**AIM OF THE TASK**. For this exercise, return only the lines in the records below from the one holding "A rögzült és" through the one holding "Bring a pillow", including both, exactly as they appear and without pictures.

*** SOURCE MATERIAL Section Begins ***

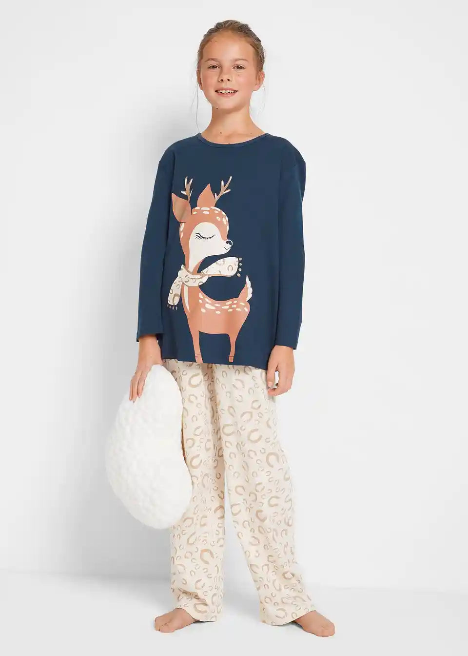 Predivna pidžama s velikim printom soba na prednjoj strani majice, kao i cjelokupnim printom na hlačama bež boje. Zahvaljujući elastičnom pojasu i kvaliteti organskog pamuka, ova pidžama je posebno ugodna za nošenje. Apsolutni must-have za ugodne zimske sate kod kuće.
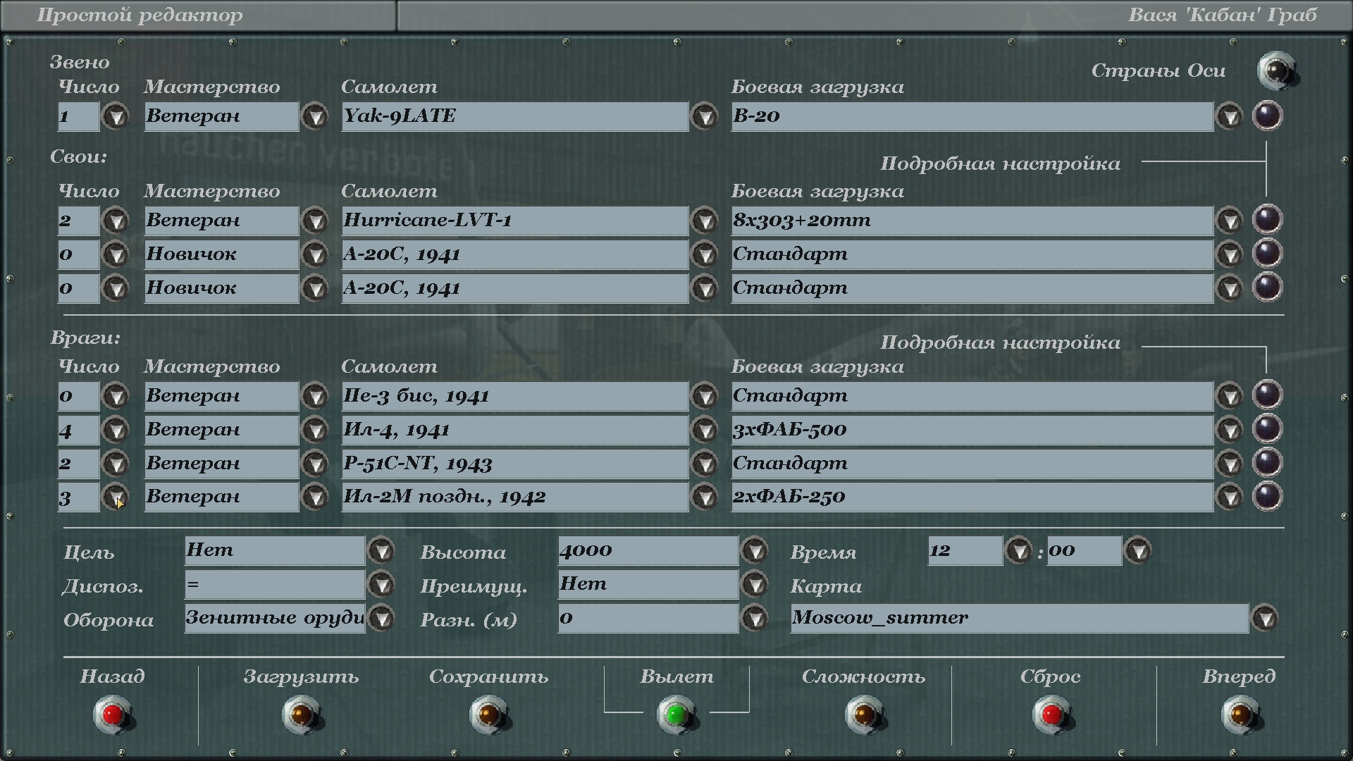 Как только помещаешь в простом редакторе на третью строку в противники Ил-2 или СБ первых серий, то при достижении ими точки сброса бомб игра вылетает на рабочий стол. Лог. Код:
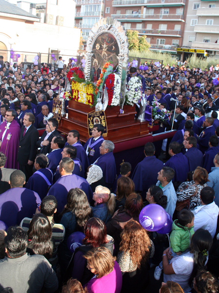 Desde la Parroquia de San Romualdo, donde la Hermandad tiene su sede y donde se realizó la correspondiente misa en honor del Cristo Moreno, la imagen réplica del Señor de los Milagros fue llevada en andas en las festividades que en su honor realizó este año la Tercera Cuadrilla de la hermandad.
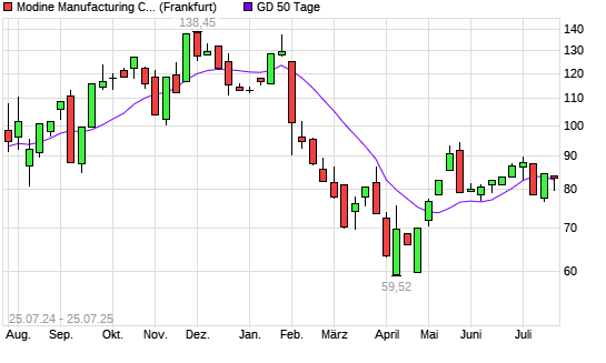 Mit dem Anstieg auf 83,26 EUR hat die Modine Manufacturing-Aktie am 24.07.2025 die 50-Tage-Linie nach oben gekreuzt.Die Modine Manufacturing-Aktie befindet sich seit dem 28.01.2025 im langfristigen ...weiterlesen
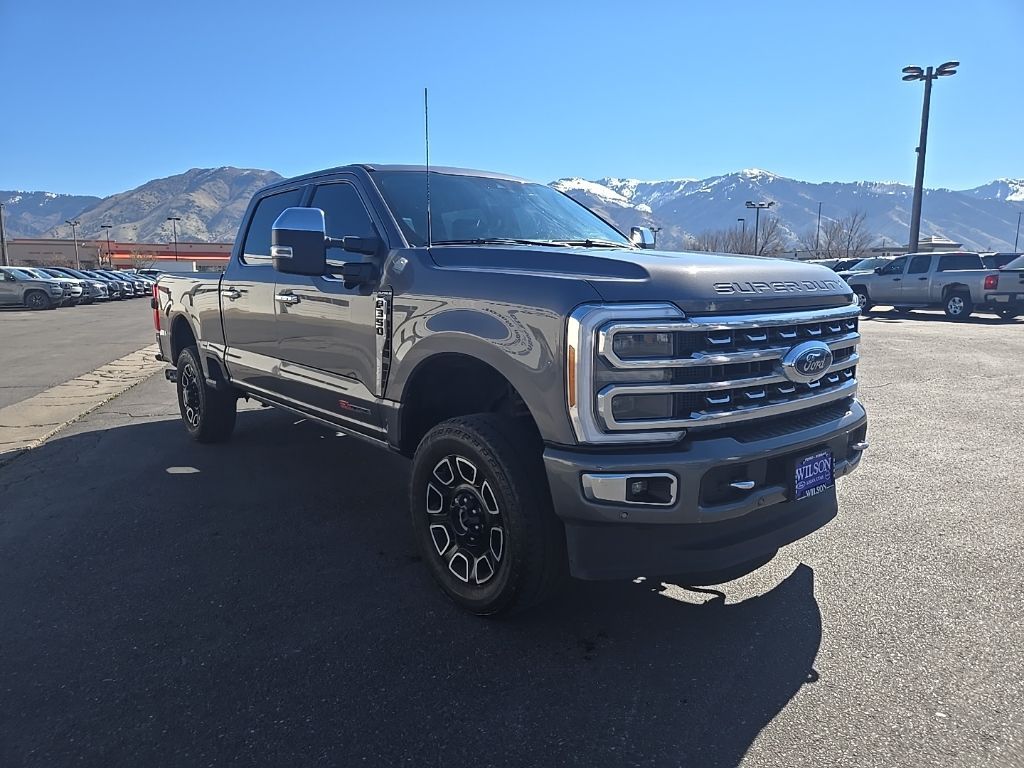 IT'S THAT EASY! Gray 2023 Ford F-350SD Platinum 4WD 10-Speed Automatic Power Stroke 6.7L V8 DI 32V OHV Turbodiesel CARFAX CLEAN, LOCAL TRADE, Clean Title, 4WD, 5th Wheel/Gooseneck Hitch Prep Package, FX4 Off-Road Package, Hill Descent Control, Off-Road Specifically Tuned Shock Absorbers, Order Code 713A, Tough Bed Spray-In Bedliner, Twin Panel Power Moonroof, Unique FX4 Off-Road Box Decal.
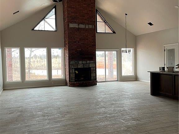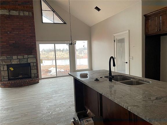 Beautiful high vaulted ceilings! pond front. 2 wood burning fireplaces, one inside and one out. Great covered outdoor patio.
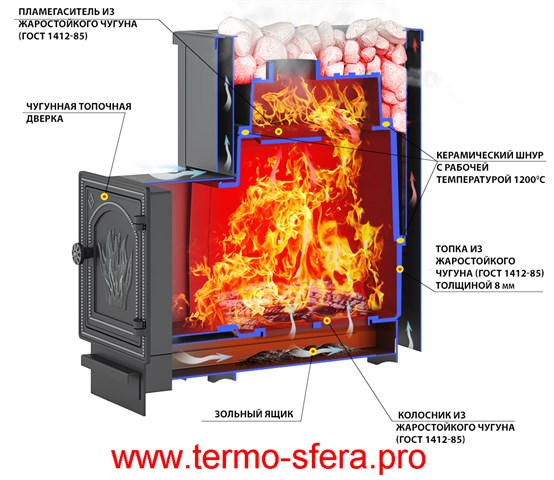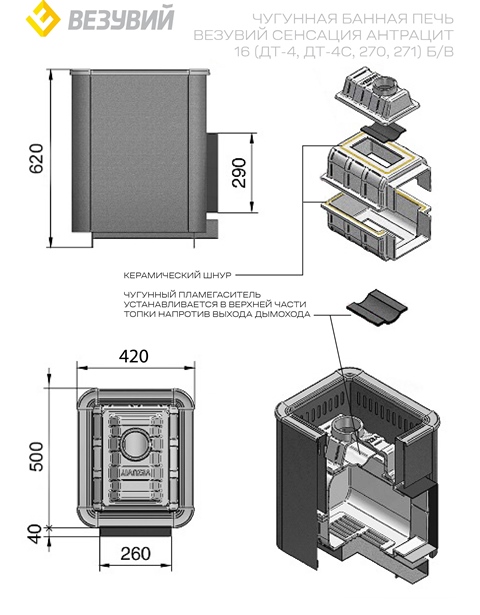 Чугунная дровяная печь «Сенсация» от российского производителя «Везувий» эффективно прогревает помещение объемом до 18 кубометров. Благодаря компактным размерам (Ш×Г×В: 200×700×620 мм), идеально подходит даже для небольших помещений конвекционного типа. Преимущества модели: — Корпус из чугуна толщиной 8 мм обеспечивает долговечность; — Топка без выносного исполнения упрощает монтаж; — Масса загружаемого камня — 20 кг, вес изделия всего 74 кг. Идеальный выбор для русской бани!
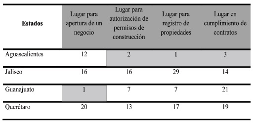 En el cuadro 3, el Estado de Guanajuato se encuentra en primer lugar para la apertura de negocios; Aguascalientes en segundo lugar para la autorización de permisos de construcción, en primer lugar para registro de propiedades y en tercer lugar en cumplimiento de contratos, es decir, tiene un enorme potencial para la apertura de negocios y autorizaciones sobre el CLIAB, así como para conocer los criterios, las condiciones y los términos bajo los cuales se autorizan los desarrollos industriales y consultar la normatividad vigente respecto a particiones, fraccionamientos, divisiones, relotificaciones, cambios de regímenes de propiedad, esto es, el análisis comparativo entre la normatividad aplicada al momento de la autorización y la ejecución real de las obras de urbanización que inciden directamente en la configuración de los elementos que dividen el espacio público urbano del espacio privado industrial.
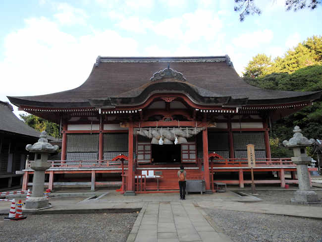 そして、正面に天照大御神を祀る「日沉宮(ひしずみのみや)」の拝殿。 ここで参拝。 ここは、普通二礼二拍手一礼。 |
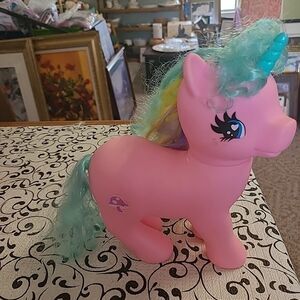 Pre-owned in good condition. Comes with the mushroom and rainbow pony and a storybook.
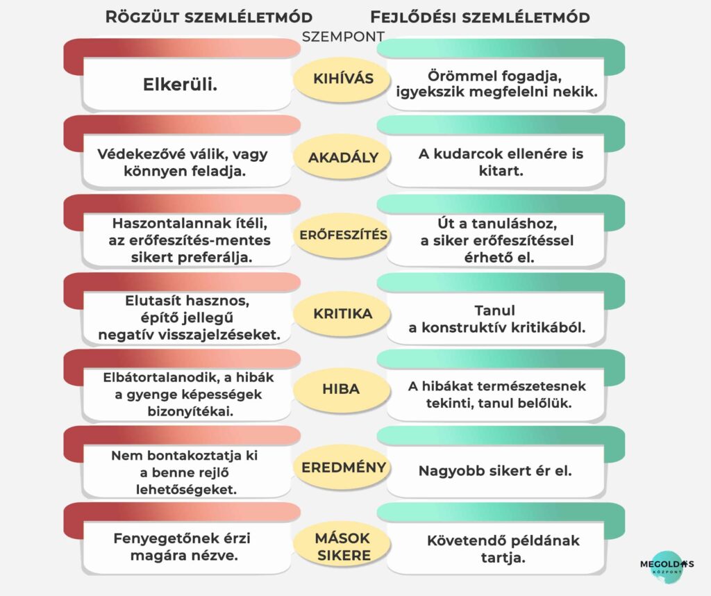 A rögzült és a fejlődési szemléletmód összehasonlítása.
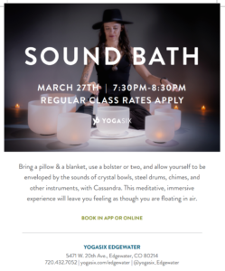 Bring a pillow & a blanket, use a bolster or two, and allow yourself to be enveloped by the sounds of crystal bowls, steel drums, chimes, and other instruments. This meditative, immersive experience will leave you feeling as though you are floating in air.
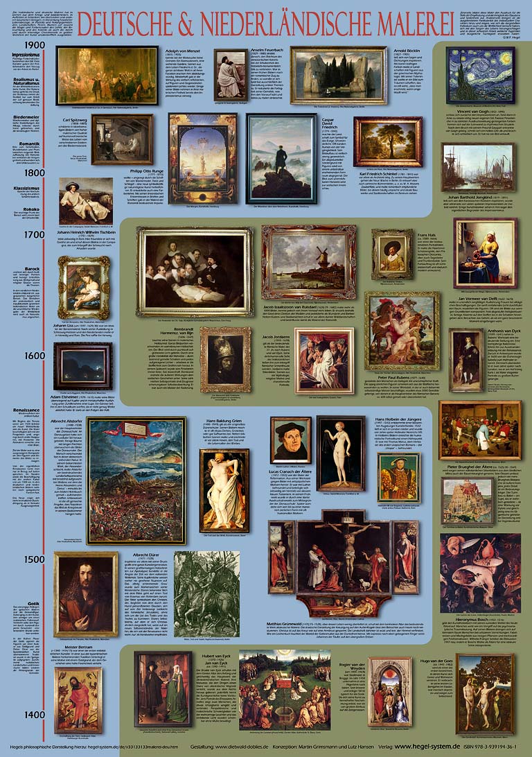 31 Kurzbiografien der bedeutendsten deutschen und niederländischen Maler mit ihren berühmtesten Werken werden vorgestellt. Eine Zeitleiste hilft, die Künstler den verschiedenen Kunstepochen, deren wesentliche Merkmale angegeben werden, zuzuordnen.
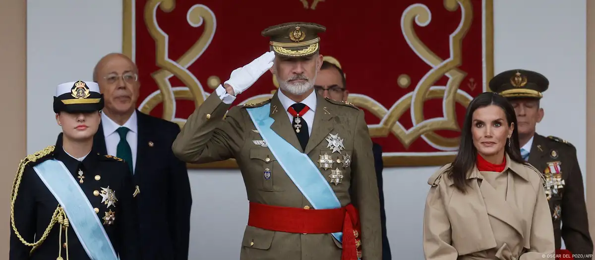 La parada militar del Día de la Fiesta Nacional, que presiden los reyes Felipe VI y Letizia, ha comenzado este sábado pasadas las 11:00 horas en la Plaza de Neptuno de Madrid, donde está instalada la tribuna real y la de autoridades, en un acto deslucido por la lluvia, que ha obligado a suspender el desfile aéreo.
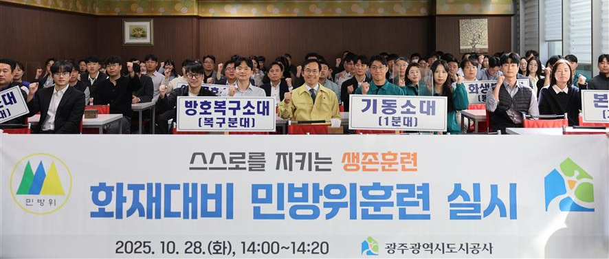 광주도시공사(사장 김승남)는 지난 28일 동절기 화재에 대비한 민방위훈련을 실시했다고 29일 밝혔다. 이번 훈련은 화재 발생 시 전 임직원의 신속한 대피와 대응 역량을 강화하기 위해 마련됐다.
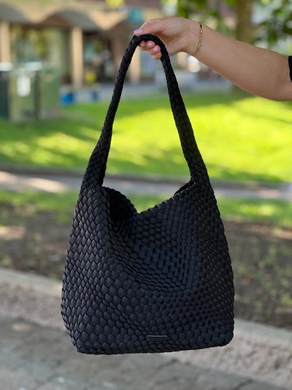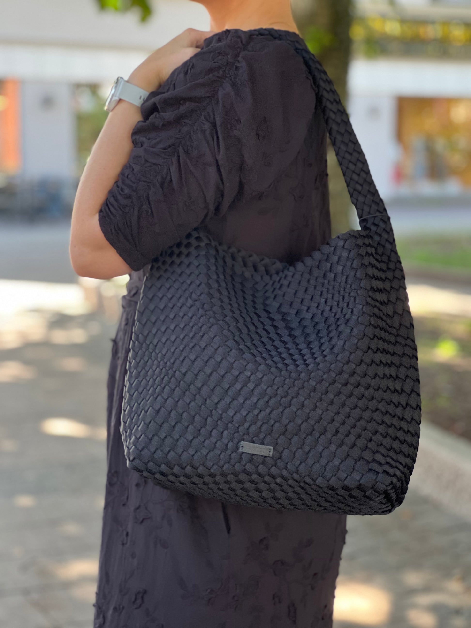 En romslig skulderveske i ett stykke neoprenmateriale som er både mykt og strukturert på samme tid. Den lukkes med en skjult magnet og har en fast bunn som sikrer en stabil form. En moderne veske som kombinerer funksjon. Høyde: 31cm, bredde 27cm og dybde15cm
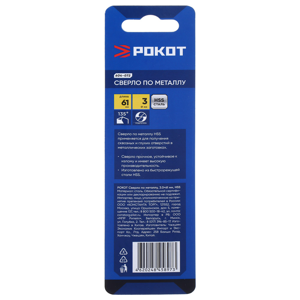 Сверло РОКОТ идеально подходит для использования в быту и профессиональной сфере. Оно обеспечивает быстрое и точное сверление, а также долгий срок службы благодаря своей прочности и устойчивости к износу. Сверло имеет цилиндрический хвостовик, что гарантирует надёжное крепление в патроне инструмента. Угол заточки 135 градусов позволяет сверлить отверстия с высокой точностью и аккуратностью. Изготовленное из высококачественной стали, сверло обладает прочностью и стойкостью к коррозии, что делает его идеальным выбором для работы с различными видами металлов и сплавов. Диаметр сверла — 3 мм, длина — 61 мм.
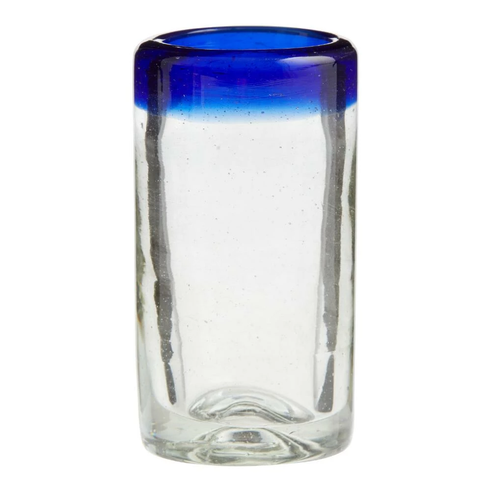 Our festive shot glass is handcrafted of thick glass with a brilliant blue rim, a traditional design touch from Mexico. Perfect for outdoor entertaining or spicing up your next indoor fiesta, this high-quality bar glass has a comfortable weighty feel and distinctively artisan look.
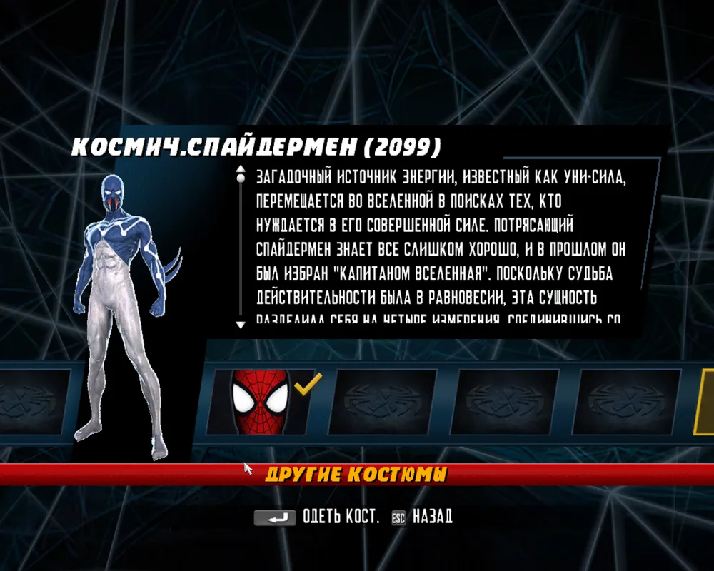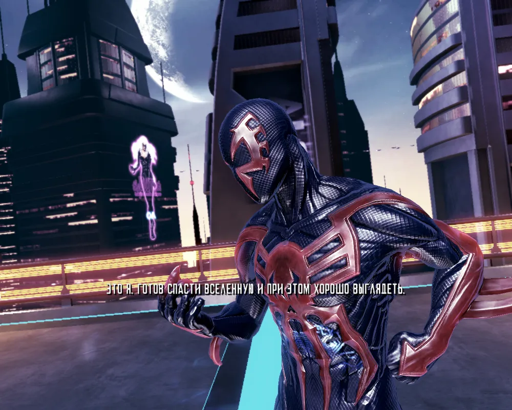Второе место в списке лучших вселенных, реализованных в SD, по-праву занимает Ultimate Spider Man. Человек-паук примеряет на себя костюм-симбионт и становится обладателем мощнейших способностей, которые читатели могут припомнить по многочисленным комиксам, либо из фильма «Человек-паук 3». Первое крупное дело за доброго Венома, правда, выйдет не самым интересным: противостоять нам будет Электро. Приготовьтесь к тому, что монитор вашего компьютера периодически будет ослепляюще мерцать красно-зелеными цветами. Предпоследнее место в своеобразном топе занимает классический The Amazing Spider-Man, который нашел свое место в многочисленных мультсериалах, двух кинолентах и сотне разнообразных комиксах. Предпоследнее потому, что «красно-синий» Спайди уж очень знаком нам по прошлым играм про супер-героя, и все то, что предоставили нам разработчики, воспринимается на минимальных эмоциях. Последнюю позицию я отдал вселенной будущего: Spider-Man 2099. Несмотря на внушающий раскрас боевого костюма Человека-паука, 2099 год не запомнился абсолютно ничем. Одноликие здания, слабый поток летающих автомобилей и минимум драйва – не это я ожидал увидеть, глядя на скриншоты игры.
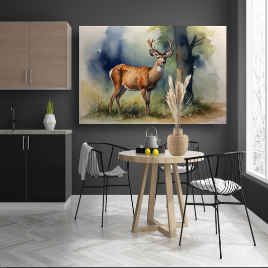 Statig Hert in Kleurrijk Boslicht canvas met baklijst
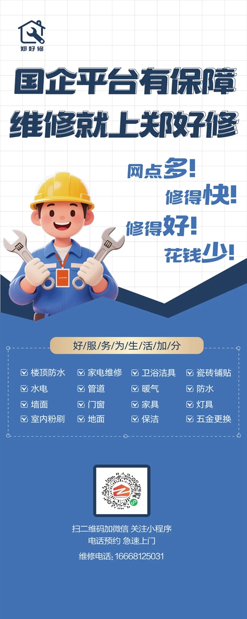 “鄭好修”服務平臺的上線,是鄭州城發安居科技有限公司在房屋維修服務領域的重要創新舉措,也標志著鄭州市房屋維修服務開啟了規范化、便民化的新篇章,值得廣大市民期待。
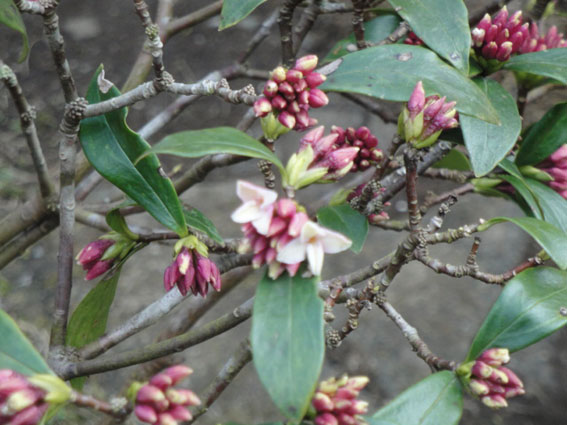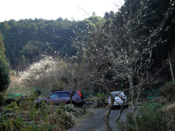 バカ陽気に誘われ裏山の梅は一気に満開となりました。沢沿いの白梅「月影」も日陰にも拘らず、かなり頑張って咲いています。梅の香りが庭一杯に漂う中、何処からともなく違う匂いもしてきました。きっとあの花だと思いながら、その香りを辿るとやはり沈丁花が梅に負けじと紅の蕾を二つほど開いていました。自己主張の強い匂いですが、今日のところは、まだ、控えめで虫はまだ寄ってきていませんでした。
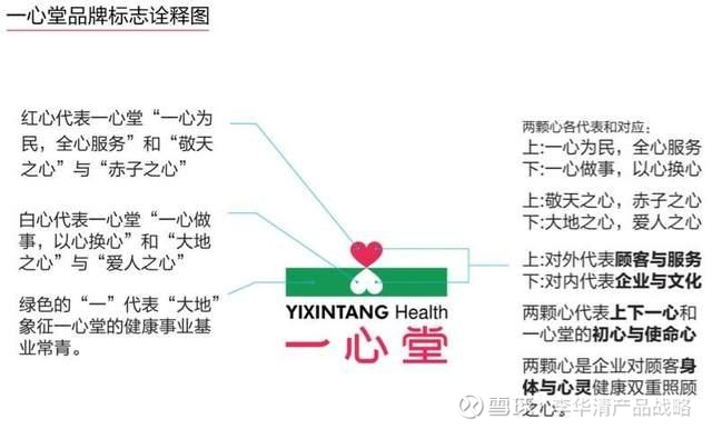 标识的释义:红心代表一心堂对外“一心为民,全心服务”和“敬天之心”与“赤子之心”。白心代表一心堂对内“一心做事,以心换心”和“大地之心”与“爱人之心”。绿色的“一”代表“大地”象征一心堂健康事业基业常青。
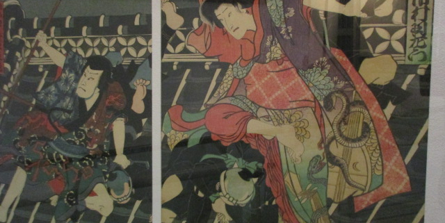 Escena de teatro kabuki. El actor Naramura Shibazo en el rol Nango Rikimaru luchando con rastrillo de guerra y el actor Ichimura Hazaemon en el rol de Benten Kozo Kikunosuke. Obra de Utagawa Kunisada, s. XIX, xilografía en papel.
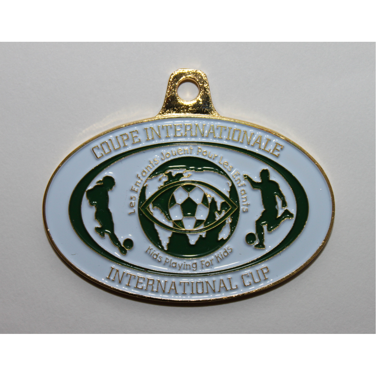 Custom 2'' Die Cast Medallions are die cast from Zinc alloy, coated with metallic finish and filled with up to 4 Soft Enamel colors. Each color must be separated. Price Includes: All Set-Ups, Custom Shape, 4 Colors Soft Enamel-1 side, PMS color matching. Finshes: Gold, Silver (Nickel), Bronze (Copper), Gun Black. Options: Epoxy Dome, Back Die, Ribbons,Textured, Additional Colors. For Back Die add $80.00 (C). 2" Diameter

*** SOURCE MATERIAL Section Ends ***

**EXERCISE OUTPUT**.
 A rögzült és a fejlődési szemléletmód összehasonlítása.
 Bring a pillow & a blanket, use a bolster or two, and allow yourself to be enveloped by the sounds of crystal bowls, steel drums, chimes, and other instruments. This meditative, immersive experience will leave you feeling as though you are floating in air.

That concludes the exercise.